During his master class at the Cannes Film Festival, New Zealand filmmaker Peter Jackson (The Lord of the Rings, The Hobbit, Heavenly Creatures, King Kong) revealed to attendees that he is ready to go back to the director’s chair after more than a decade, announcing that he has just completed the script for the second animated Tintin movie, based on the beloved comics created by Hergé. Its predecessor, The Adventures of Tintin: The Secret of the Unicorn, was released in 2011 and directed by Stephen Spielberg, who also produced alongside Jackson and Kathleen Kennedy.

The Adventures of Tintin: The Secret of the Unicorn
The Adventures of Tintin: The Secret of the Unicorn [Paramount Pictures]

Jackson told festival press that he had recently wrapped the script for an untitled Tintin movie with his partner and collaborator Fran Walsh, and was even picking away at edits while in France. What he didn’t say is what material he plans to adapt.
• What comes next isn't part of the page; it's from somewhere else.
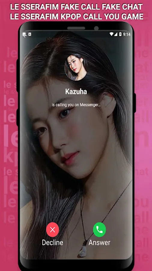 LE SSERAFIM video call game application is a simulation game that simulate LE SSERAFIM call you and chat with all members of the KPOP girl group of your choice: Sakura, Chae-won, Yun-jin, Kazuha or Eun-chae. It will bring fun and entertainment in your free time so you won’t be feel bore anymore because you will get a call from your idol. This KPOP game of chat messenger simulation with LE SSERAFIM member and also equipped with fake call and video call from LE SSERAFIM member your idol. You can brag and make fun of your family or your friends by tell them, look I have chat with LE SSERAFIM because the chat simulation is look like you have a real chat with LE SSERAFIM member, they will reply your text message. Or you can also prank them and say, look LE SSERAFIM video call or voice call me… So if you want to connect with LE SSERAFIM live chat and are a true FEARNOT (피어나), don’t wait any longer, download LE SSERAFIM video call game for free now and enjoy this KPOP game with your family and friends.

After taking over directing duties on The Hobbit trilogy (2012-2014) due to the departure of Guillermo del Toro from the project, Jackson’s last director credit was the 2018 WWI documentary They Shall Not Grow Old. Jackson had said in 2015 that the death of his longtime director of photography Andrew Lesnie had made him less excited about fiction projects. In addition to They Shall Not Grow Old, he has since directed and produced The Beatles: Get Back.
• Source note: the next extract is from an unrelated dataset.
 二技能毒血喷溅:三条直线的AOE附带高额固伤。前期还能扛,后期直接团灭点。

Jackson did not reveal any details of the story or source material for the next Tintin chapter. Some 15 years ago when it was announced that Jackson would be directing the sequel, the Hollywood rumor mill had it that the second The Adventures of Tintin movie would be adapted from Prisoners of the Sun, which takes Tintin on a quest into an ancient Inca civilization on the search for his friend Professor Calculus. The first movie loosely adapted three books: The Crab with the Golden Claws, The Secret of the Universe and Red Rackham’s Treasure, and was penned by Steven Moffat, Edgar Wright and Joe Cornish.
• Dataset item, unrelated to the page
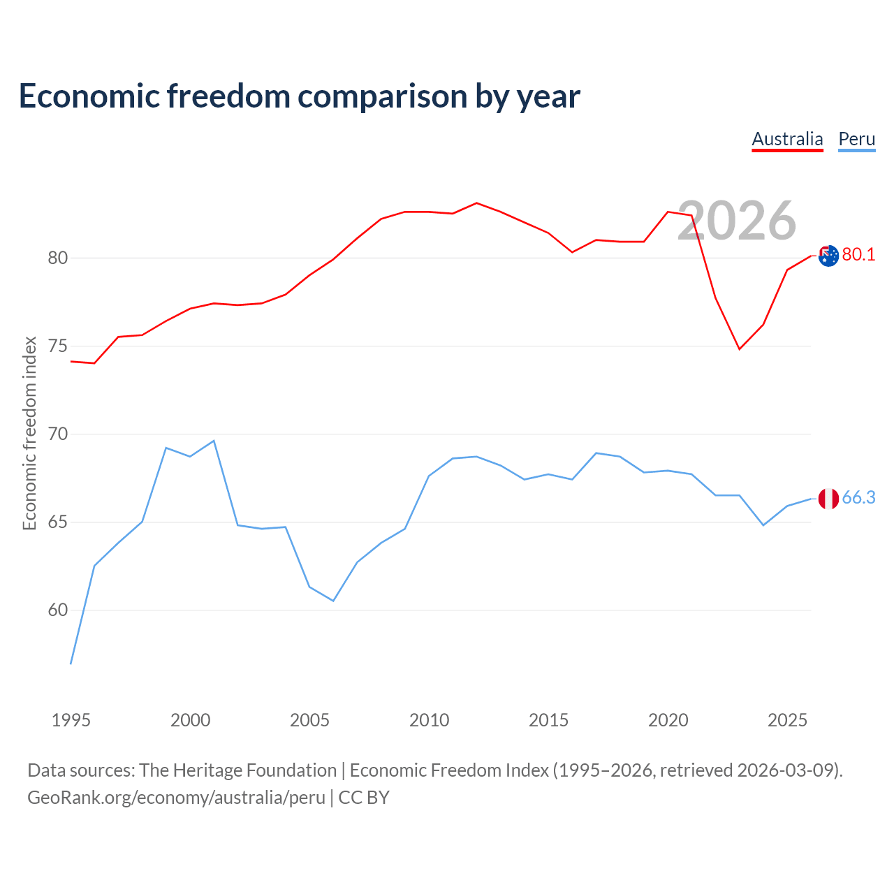 The Economic Freedom Index for Australia is 80.1, ranking 5/197, compared to 66.3 for Peru, ranking 62/197. The chart above displays a comparison of annual changes in economic freedom indexes.

“I’ve had certain times where I thought it was going to be this, it’s going to be that... for a while, we were going to do Prisoners of the Sun,” Jackson told Polygon in 2018. “But I’m not necessarily thinking that that would be where we’d go next time. There’s so many good stories, and I just want to see what I feel like making.” Even as far back in 2009, he was even teasing a third movie, based on Destination Moon.

The whole page-to-screen journey of the Spielbarg-Jackson films has been a long one. Spielberg originally acquired the film rights to Tintin after Hergé’s death in 1983 in the wake of Indiana Jones and imagined it as a kid-friendly companion series, and re-optioned in 2002. The Adventures of Tintin began filming in 2008 with an announced 2010 release, but was pushed to 2011 after Universal Pictures backed out of the project and was replaced by Paramount Pictures, who released the feature film under its Nickelodeon Movies banner.

The movie's delay also caused a recast, with Jamie Bell taking over the title role from Love Actually's Thomas Brodie-Sangster (starring alongside Andy Serkis as Captain Haddock and Daniel Craig as Ivan Sakharine, Nick Frost and Simon Pegg as bumbling detectives Thomson and Thompson, and others).

It was Jackson’s idea to shift the project from live action to motion-capture-driven 3D CG, based on his experience on The Lord of the Rings and King Kong. The animation and VFX work was handled by Wētā FX, the New Zealand-based studio co-founded by Jackson.

The Adventures of Tintin released to largely positive reviews and went on to gross $374 million in global box office ($77.5 million domestically), performing very well overseas with record openings and week-on-week improved performances both in the U.S. and abroad. The film was nominated for Best Original Score at the Oscars, and became the first fully-digital motion-capture animated film and first non-Pixar film to win the Golden Globe for Best Animated Feature. It also picked up two BAFTA nominations, for Animated Film and Special Visual Effects.